Excerpted records »
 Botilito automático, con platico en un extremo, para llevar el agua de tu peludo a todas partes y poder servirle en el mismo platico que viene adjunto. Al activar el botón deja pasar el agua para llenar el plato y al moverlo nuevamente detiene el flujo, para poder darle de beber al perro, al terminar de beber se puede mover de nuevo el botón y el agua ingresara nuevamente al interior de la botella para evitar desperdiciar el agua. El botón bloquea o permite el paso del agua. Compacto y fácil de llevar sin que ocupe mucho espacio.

* * *

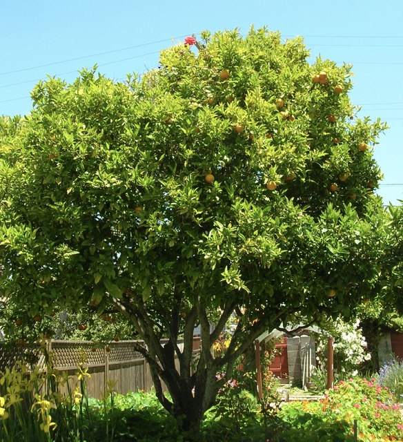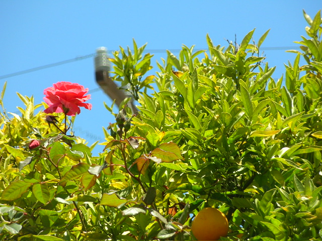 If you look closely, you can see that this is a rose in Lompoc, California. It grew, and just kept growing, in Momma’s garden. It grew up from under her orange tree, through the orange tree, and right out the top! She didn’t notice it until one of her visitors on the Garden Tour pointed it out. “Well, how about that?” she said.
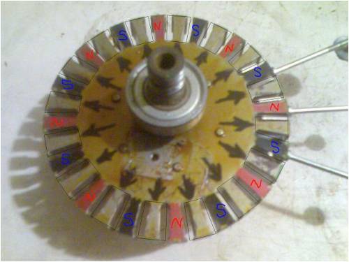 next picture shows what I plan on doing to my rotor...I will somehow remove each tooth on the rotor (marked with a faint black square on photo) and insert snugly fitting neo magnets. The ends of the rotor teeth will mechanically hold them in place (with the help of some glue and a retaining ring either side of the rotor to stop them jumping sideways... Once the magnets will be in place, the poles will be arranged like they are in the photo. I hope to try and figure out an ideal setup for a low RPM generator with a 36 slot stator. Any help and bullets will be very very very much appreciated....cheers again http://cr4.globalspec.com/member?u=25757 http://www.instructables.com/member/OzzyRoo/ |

* * *

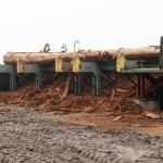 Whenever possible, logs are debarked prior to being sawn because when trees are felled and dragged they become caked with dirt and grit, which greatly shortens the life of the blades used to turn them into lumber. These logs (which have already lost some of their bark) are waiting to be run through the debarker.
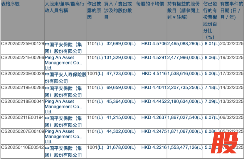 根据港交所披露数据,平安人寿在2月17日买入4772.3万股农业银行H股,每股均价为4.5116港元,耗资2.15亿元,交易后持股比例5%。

What you should do »
Within the material above, only the stretch from the line holding "If you look" through the line holding "next picture shows" is to be restated exactly. Pictures are dropped.

Answer to the problem »
 If you look closely, you can see that this is a rose in Lompoc, California. It grew, and just kept growing, in Momma’s garden. It grew up from under her orange tree, through the orange tree, and right out the top! She didn’t notice it until one of her visitors on the Garden Tour pointed it out. “Well, how about that?” she said.
 next picture shows what I plan on doing to my rotor...I will somehow remove each tooth on the rotor (marked with a faint black square on photo) and insert snugly fitting neo magnets. The ends of the rotor teeth will mechanically hold them in place (with the help of some glue and a retaining ring either side of the rotor to stop them jumping sideways... Once the magnets will be in place, the poles will be arranged like they are in the photo. I hope to try and figure out an ideal setup for a low RPM generator with a 36 slot stator. Any help and bullets will be very very very much appreciated....cheers again http://cr4.globalspec.com/member?u=25757 http://www.instructables.com/member/OzzyRoo/ |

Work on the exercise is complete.